+++ Extracted records +++

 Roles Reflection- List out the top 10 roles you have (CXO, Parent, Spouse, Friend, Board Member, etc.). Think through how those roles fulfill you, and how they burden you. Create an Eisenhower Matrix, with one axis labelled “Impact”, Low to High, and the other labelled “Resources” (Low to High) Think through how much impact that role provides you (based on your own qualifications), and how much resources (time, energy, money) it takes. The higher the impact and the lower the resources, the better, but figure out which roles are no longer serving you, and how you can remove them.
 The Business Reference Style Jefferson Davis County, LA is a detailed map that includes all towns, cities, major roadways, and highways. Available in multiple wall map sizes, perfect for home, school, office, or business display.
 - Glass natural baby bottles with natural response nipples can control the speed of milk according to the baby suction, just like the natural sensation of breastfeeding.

+++
+++ Extracted records +++

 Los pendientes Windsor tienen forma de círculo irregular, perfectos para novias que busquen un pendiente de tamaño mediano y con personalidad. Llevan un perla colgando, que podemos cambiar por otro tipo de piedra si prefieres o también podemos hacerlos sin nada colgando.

+++

- Problem requirements: Going back to the entries above, set down exactly the lines that begin at the one with "Roles Reflection- List" and end at the one with "- Glass natural", both included, and nothing else.

- Exercise result:
 Roles Reflection- List out the top 10 roles you have (CXO, Parent, Spouse, Friend, Board Member, etc.). Think through how those roles fulfill you, and how they burden you. Create an Eisenhower Matrix, with one axis labelled “Impact”, Low to High, and the other labelled “Resources” (Low to High) Think through how much impact that role provides you (based on your own qualifications), and how much resources (time, energy, money) it takes. The higher the impact and the lower the resources, the better, but figure out which roles are no longer serving you, and how you can remove them.
 The Business Reference Style Jefferson Davis County, LA is a detailed map that includes all towns, cities, major roadways, and highways. Available in multiple wall map sizes, perfect for home, school, office, or business display.
 - Glass natural baby bottles with natural response nipples can control the speed of milk according to the baby suction, just like the natural sensation of breastfeeding.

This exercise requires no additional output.